**** Dataset

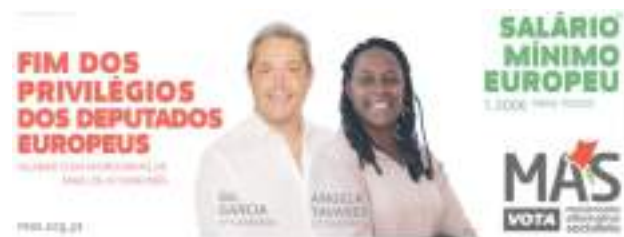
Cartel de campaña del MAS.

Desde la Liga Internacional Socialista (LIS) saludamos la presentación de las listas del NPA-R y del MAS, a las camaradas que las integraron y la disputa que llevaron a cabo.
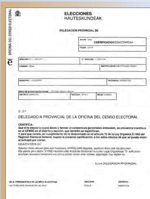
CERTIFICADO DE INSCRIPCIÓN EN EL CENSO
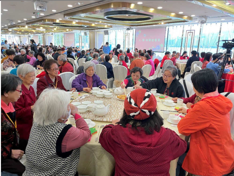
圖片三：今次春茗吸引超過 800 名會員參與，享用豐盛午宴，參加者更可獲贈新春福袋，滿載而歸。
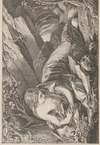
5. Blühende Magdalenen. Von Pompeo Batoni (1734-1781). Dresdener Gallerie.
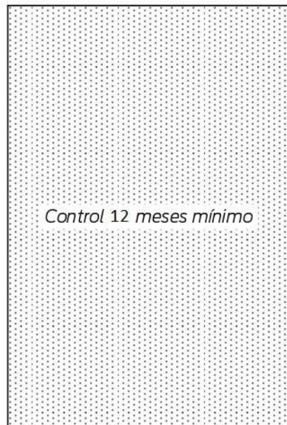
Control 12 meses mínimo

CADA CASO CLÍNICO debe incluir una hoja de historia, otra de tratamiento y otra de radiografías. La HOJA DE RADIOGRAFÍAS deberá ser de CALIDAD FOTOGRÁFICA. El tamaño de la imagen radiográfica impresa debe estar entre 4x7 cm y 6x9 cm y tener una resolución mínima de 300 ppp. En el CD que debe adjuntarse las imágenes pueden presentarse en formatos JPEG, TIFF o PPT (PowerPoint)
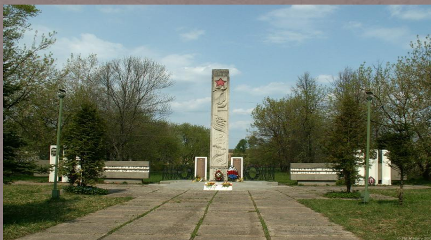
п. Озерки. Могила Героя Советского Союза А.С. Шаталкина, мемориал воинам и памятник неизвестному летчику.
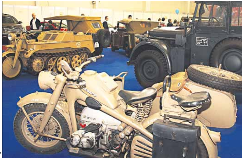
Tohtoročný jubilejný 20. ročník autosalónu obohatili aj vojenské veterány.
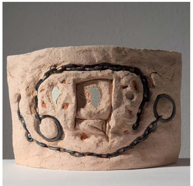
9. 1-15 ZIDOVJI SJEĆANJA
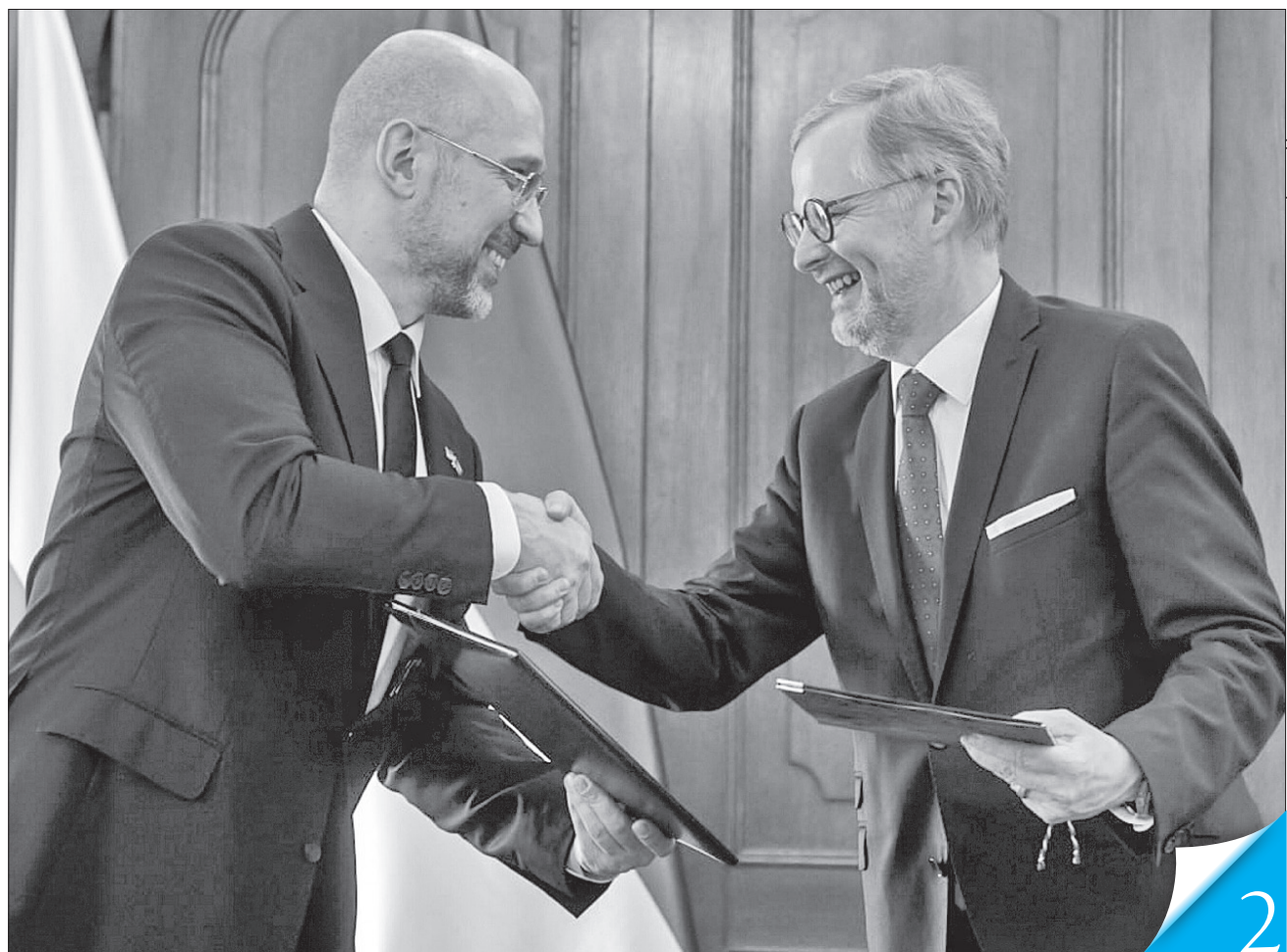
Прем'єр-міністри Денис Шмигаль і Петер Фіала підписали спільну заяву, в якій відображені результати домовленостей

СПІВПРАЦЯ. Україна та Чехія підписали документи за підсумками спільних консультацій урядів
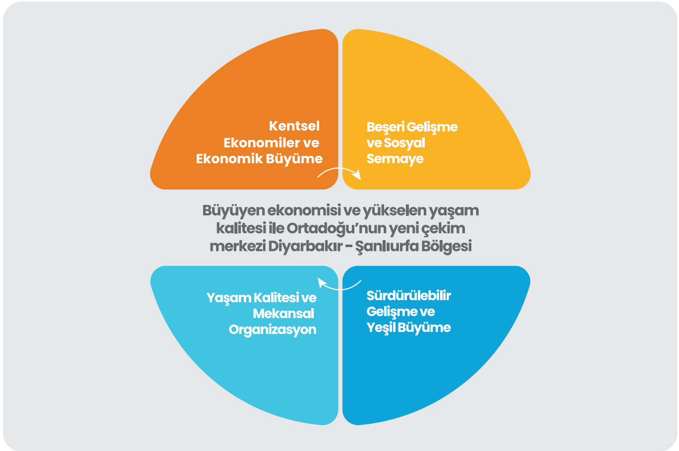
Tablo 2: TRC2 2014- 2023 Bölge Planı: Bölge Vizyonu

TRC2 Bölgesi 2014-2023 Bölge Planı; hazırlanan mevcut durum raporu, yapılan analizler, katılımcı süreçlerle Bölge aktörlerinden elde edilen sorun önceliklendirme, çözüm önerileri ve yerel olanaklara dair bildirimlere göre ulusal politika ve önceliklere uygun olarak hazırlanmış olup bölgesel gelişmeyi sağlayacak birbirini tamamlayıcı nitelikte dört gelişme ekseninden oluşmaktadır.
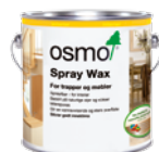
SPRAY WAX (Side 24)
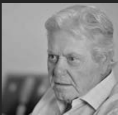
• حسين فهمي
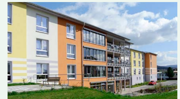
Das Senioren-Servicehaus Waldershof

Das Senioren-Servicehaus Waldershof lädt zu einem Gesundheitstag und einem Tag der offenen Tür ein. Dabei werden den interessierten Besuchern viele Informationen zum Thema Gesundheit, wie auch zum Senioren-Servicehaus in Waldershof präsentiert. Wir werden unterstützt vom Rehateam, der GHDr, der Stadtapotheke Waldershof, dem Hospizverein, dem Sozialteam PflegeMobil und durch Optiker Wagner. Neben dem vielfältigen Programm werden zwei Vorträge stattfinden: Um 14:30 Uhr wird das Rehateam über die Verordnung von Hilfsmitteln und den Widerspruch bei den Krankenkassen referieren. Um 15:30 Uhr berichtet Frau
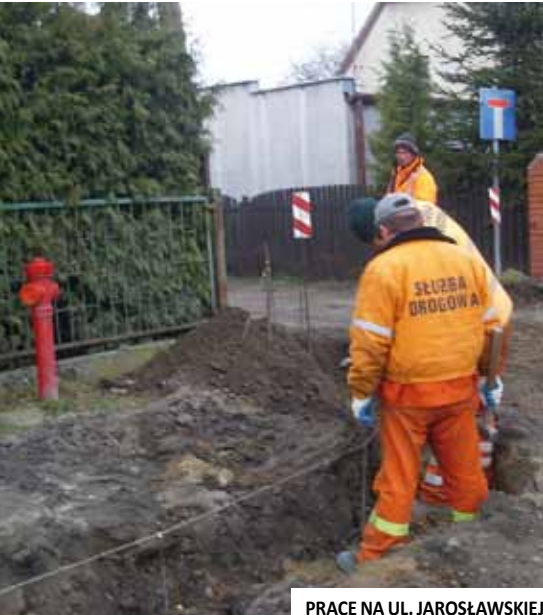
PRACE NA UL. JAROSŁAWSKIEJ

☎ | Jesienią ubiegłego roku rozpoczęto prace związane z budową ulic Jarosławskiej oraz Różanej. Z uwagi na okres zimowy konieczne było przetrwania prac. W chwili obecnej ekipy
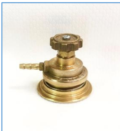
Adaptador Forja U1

********
**** Dataset

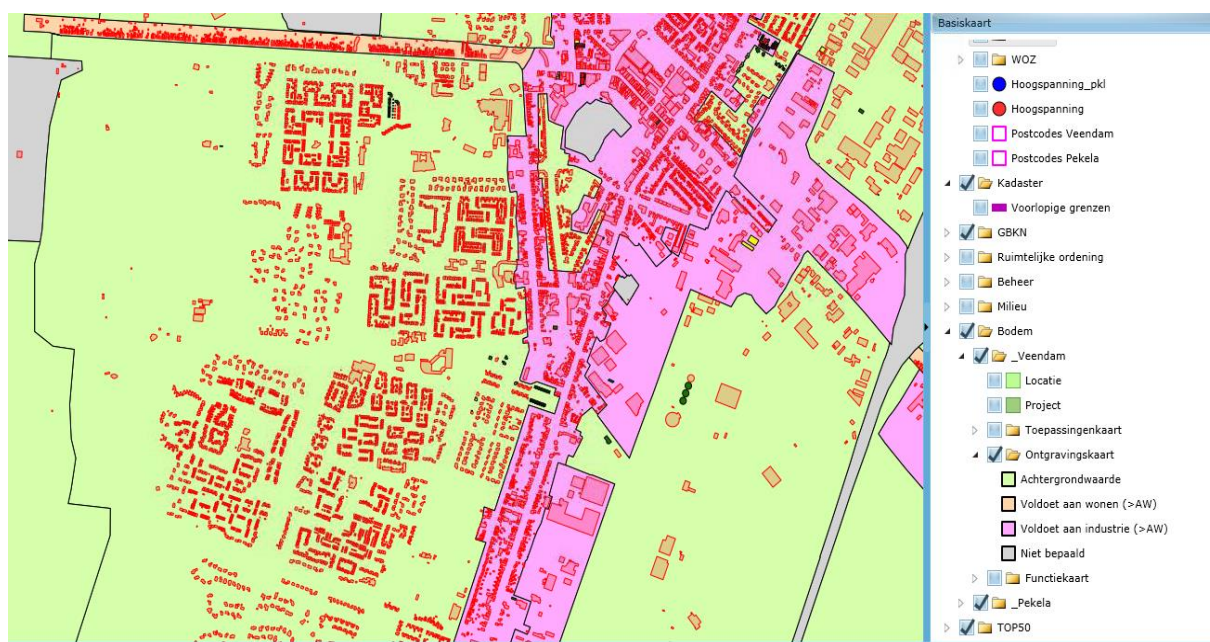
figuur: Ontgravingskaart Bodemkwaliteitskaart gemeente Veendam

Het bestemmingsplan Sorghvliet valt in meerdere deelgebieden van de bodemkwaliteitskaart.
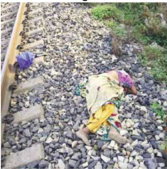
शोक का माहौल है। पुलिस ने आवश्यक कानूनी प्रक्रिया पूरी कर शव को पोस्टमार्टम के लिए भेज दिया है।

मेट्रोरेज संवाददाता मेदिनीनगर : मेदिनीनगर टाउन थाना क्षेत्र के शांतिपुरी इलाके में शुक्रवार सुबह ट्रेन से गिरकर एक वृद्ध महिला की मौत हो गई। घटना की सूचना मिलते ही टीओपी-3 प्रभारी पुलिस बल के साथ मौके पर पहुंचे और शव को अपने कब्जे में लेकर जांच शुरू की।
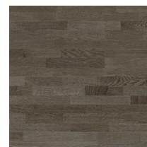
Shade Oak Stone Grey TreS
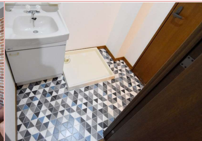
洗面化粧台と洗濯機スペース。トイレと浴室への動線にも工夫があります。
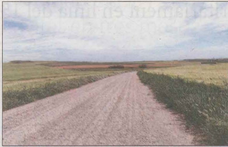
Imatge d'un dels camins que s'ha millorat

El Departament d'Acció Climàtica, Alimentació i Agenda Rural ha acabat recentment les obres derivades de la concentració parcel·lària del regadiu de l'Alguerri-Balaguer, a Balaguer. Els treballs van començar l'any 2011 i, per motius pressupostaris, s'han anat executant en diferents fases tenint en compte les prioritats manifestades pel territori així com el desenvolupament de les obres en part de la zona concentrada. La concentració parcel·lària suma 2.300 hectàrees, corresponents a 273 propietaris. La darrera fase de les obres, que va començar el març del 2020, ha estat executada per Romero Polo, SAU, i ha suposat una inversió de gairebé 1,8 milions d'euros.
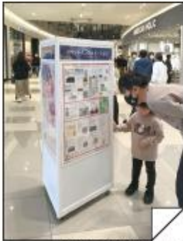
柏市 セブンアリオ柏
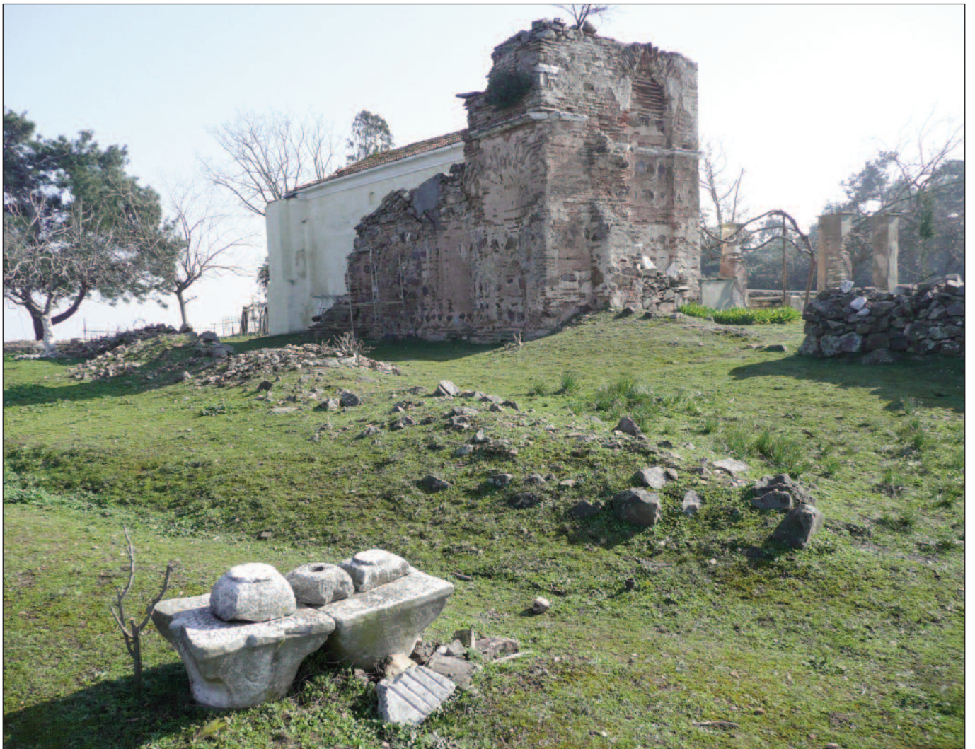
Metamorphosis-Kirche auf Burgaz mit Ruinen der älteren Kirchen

********

What's needed is an exact copy of the records above from the line containing "5. Blühende Magdalenen." down to the line containing "Control 12 meses mínimo", both included, without any pictures.

5. Blühende Magdalenen. Von Pompeo Batoni (1734-1781). Dresdener Gallerie.
Control 12 meses mínimo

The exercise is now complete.